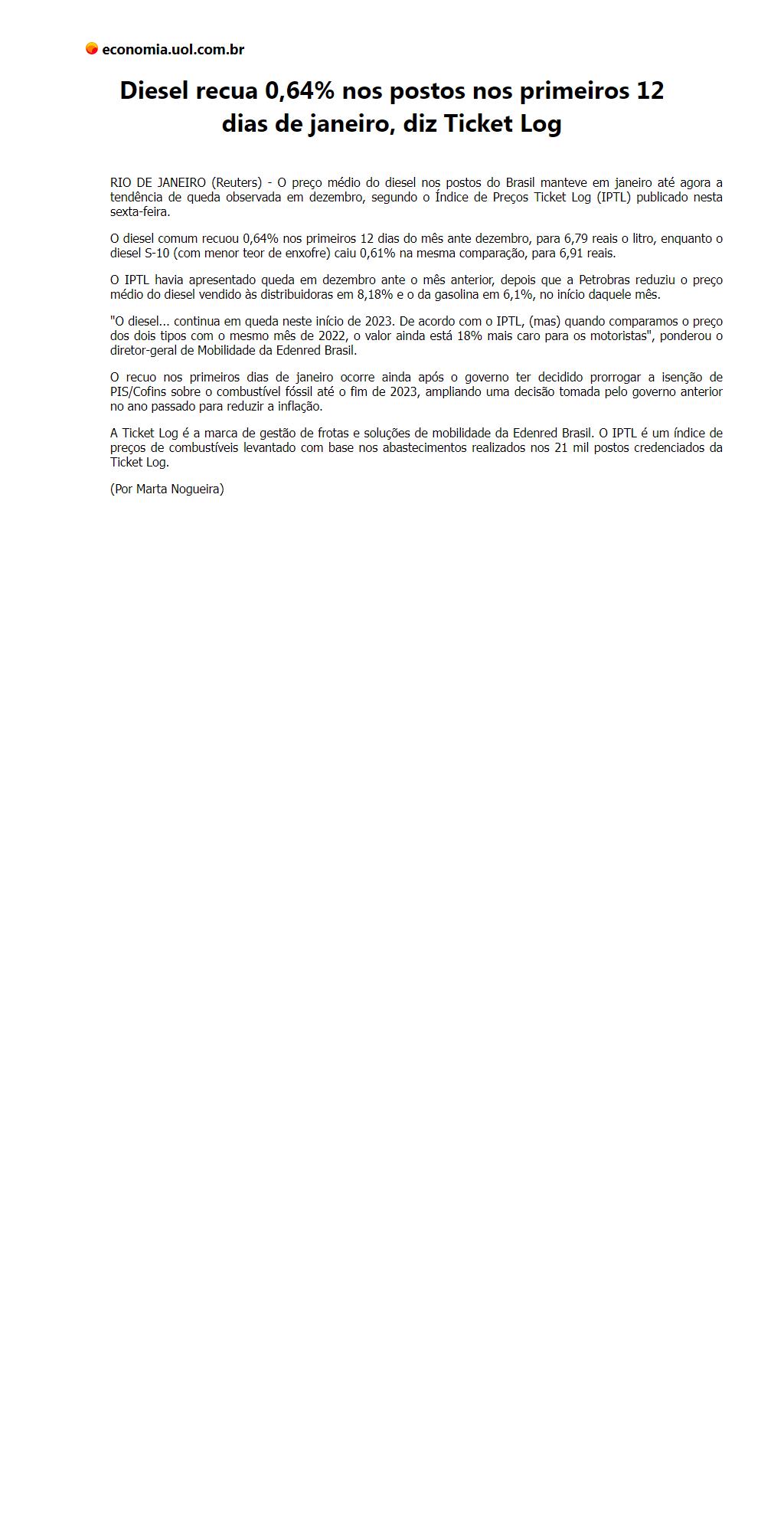 Diesel recua 0,64% nos postos nos primeiros 12 dias de janeiro, diz Ticket Log
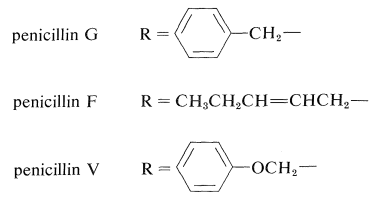 Fermentation can produce penicillins that differ only in the nature of the side-chain group RR. The common natural penicillin is penicillin G, in which R=R= phenylmethyl (benzyl):
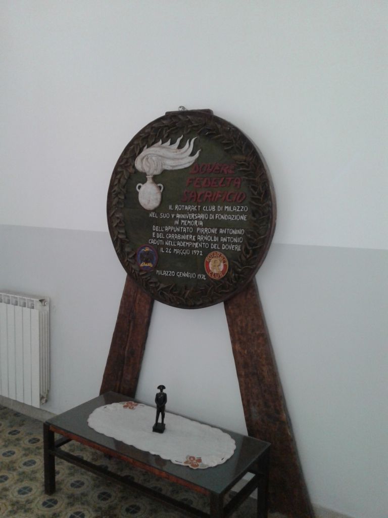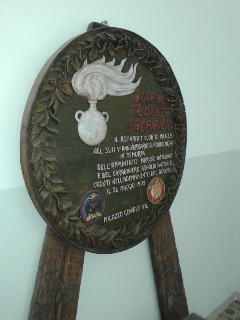 - DOVERE / FEDELTA' / SACRIFICIO / IL ROTARACT CLUB DI MILAZZO / NEL SUO V° ANNIVERSARIO DI FONDAZIONE / IN MEMORIA / DELL'APPUNTATO PIRRONE NATONIO / E DEL CARABINIERE ARNOLDI ANTONIO / CADUTI NELL'ADEMPIMENTO DEL DOVERE / IL 24 MAGGIO 1972 / MILAZZO GENNAIO 1974
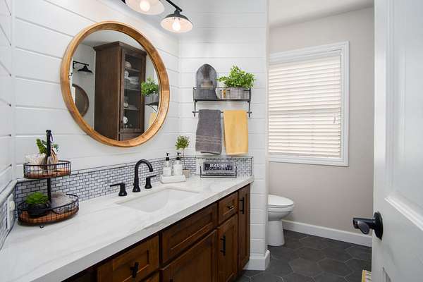 - Brick Walls, Ceiling Fan(s), Pantry, Sunken Living Room, Tile Counters
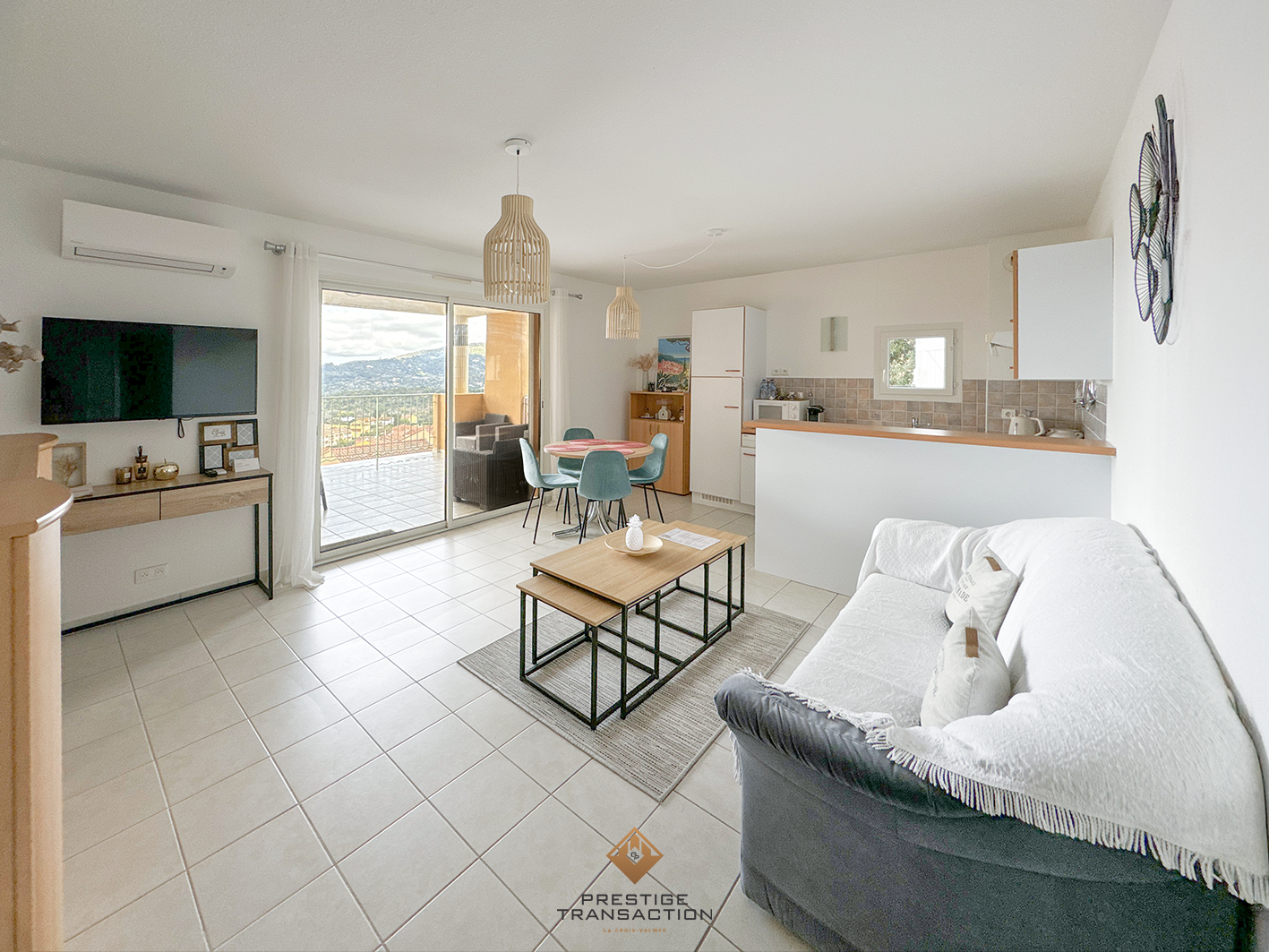 SOUS COMPROMIS DE VENTE ! L’équipe Prestige Transaction est ravie de vous présenter ce magnifique appartement T2 d’environ 43 m2, situé au premier étage d’une résidence sécurisée. Profitez d’une grande terrasse de 22 m2, offrant une vue imprenable sur la mer et les collines, idéale pour des moments de détente en plein air.
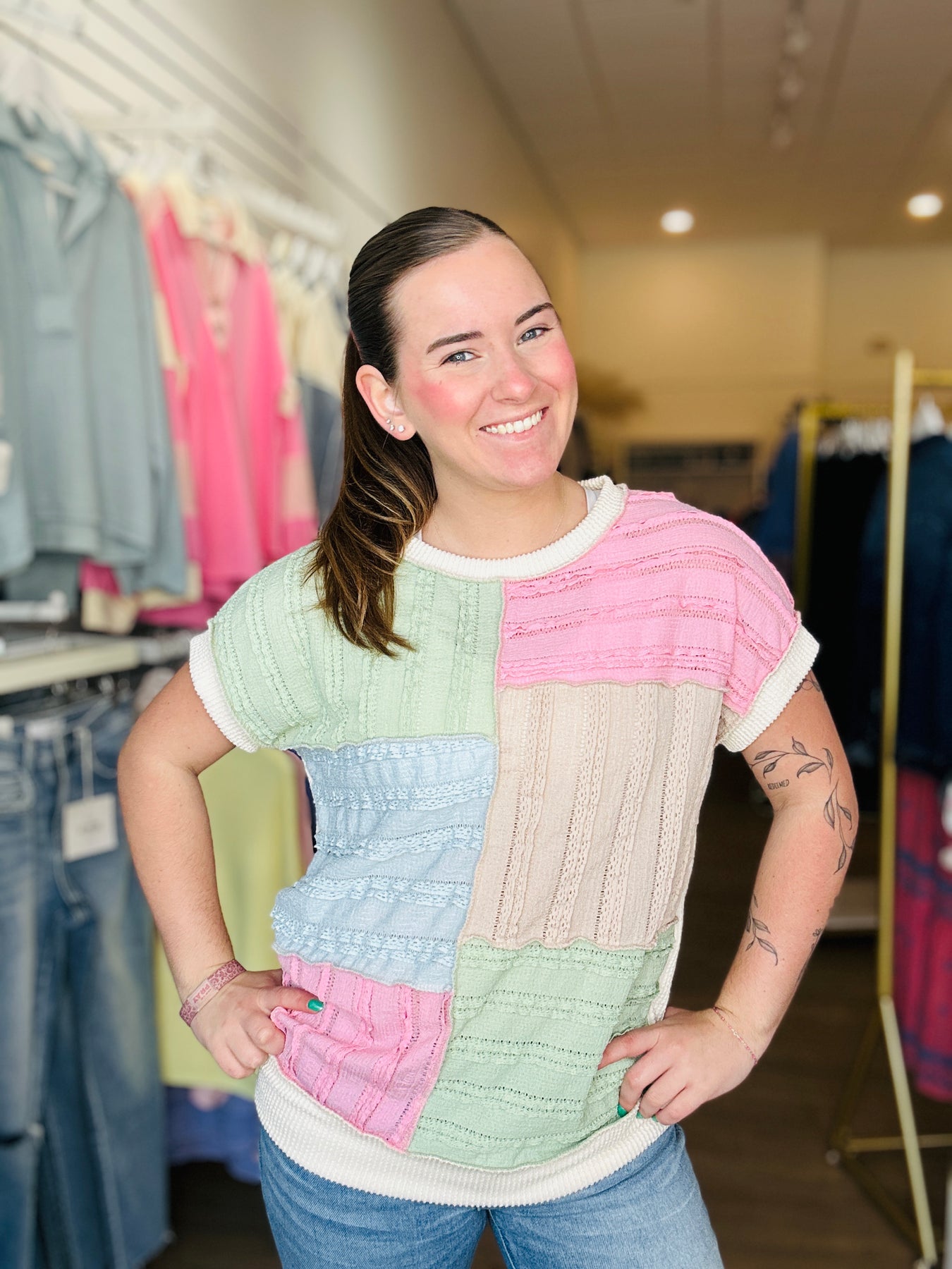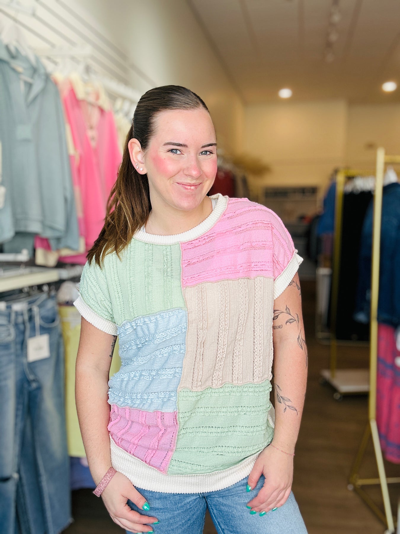 Short-sleeve knit top featuring textural colorblock patchwork and a banded hem

☆ ☆ ☆ ☆

**PROBLEM DESCRIPTION**
Return the lines from the one that contains "- Brick Walls, Ceiling" through the final line of the listing above, inclusive. Transcribe them exactly and drop the pictures.

**SOLUTION BELOW**
 - Brick Walls, Ceiling Fan(s), Pantry, Sunken Living Room, Tile Counters
 SOUS COMPROMIS DE VENTE ! L’équipe Prestige Transaction est ravie de vous présenter ce magnifique appartement T2 d’environ 43 m2, situé au premier étage d’une résidence sécurisée. Profitez d’une grande terrasse de 22 m2, offrant une vue imprenable sur la mer et les collines, idéale pour des moments de détente en plein air.
 Short-sleeve knit top featuring textural colorblock patchwork and a banded hem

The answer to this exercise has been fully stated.